Spectrum in the 700MHz, 800MHz, 900MHz, 1,800MHz, 2,100MHz, 2,300MHz and 2,500MHz bands have been put on the block, while the 3,300-3,600 bands, which were suggested by the telecom regulator for 5G, are not included in the upcoming sale.
However, due to the poor financial health of the sector, large portions of the airwaves may remain unsold due to their high prices, echoing a similar situation of the October 2016 auction, where the 700MHz and 900MHz bands did not find any buyers.
The race for 5G: Ericsson, Huawei close in on separate markets
Swedish telecoms giant Ericsson has partnered with Taiwanese operator Asia-Pacific Telecom (APT) to modernize its current 4G network infrastructure, as well as non-standalone 5G-ready equipment and services.
The agreement, which was announced on Monday, will see Ericsson provide high-performing radio access network (RAN) solutions from its 5G-ready Radio System portfolio as well as 5G NSA licenses to do 5G Multi-Operator Core Networks (MOCN).
“Our enhanced 5G platform provides the technological backbone for the nation’s first Multi-Operator Core Network and we will continue to support both service providers with their successful integration and partnership,” Chafic Nassif, President of Ericsson Taiwan, said in a statement.
With the deployment of Ericsson Network Manager, APT will be able to dynamically operate between 4G and 5G networks, with a set of unified applications to securely manage radio access, transport, and core networks in an end-to-end manner.
The contract also covers Ericsson Network Manager, OSS migration services and upgrade, as well as integration with APT’s rival, Far EasTone Telecommunications (FET) on the 3.5GHz frequency band in Taiwan.
Back in September 2020, FET and APT announced a partnership to provide 5G services on Taiwan’s 3.5GHz frequency band through the nation’s first MOCN – where two or more core networks share the same RAN and bandwidth. The collaboration includes 700MHz shared RAN to be used on both 4G and 5G technologies.
“Ericsson continues to accelerate the overall progress of 5G development in Taiwan, supporting both APT and FET to quickly launch new services to market and provide Taiwanese consumers and enterprises with the highest quality communication services,” Nassif added.
Ericsson now has 124 commercial 5G agreements with communications service providers globally, 74 of which have been publicly announced.
Meanwhile across the Pacific, Chinese telecoms titan Huawei has received the green light by the Brazilian government allowing it to partake in the country’s 5G auction due to be held in June.
According to local media quoting sources close to the decision, the government will not restrict the Chinese vendor from aiding in its 5G deployments.

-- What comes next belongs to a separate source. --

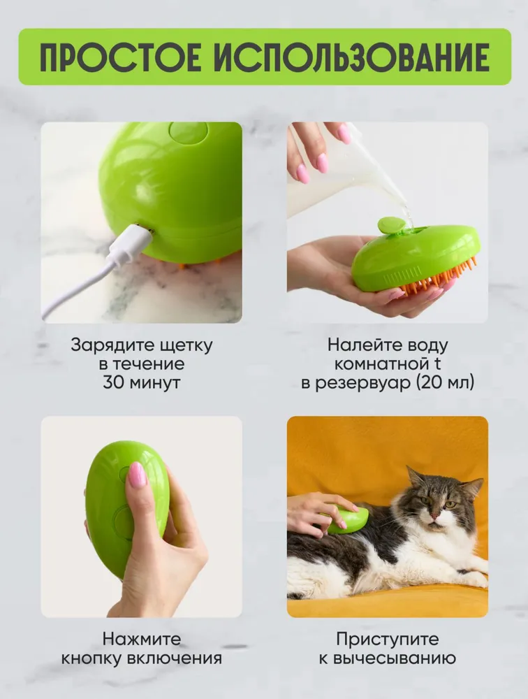 Аккуратно расчёсывайте шерсть питомца. Холодный пар мягко увлажняет и облегчает процесс вычёсывания. После использования выключите устройство и слейте остатки воды из резервуара.Простая и удобная конструкция делает уход за питомцем комфортным и эффективным!

The decision is due to the financial burdens for local operators to replace already installed Huawei equipment, as well as U.S. President Donald Trump’s departure from the West Wing.

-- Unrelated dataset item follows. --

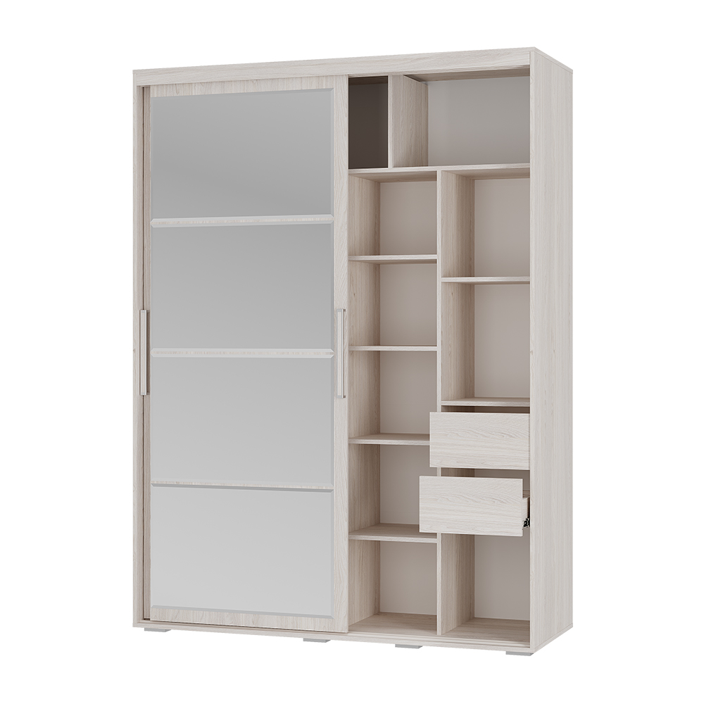 • Грамотное наполнение: Внутри предусмотрено всё необходимое — плательный отсек с хромированной штангой (772 мм), два выдвижных ящика, антресоль и вместительные полки.

Brazilian President Jair Bolsonaro is considered to be a massive ally of Trump, whose government has frequently lobbied and pushed for financial programs and initiatives to sway Brazilian operators from buying equipment from Huawei.
However, as inauguration day looms ever closer for President-elect Joe Biden, Bolsonaro is looking to backtrack his view that Huawei shares private data with the Chinese government – a claim made by the Trump administration as the trade war between both world powers escalated.
Brazilian telecom operators were all against the Huawei ban to begin with, as all operators snubbed an invitation from U.S. undersecretary of state for economic growth and the environment Keith Krach, an effort to rally support.
Even the Brazil’s vice president, Hamilton Mourao, also stood against the ban, as he told reporters that any company which is able to prove their credentials in maintaining the country’s national sovereignty and data protection will be allowed to supply 5G equipment and services.